● **Assignment**
Select, from the data, each line where "Huelma" occurs.
··· Recorded information ···
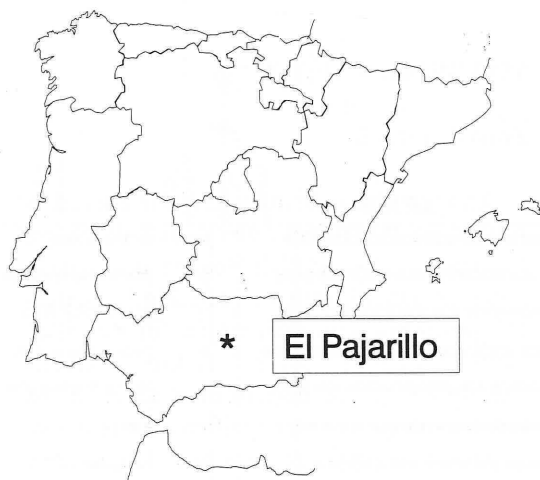
Fig.1. Localización del yacimiento de "El Pajarillo" (Huelma. Jaén).

presencia climática de Pinus nigra en la Cuerda del Milagro y en la misma Sierra de Huelma, donde ha quedado muy reducido por la tala y la naturaleza pedregosa del terreno.
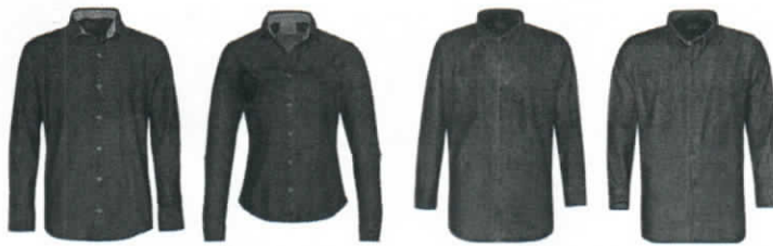
Mezclilla ultra ligera
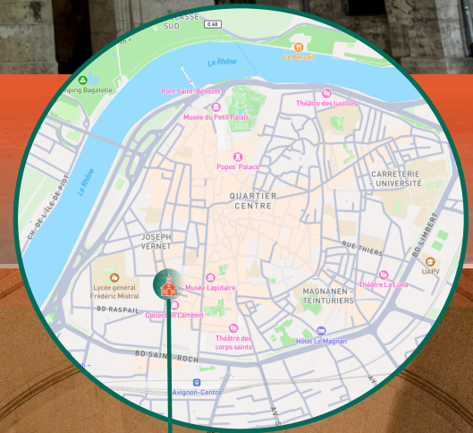
Chapelle St Charles 4, rue St Charles - Avignon

Un lieu d'exception au cœur d'Avignon une opportunité rare d'investissement
···
● **Reply**
Fig.1. Localización del yacimiento de "El Pajarillo" (Huelma. Jaén).
presencia climática de Pinus nigra en la Cuerda del Milagro y en la misma Sierra de Huelma, donde ha quedado muy reducido por la tala y la naturaleza pedregosa del terreno.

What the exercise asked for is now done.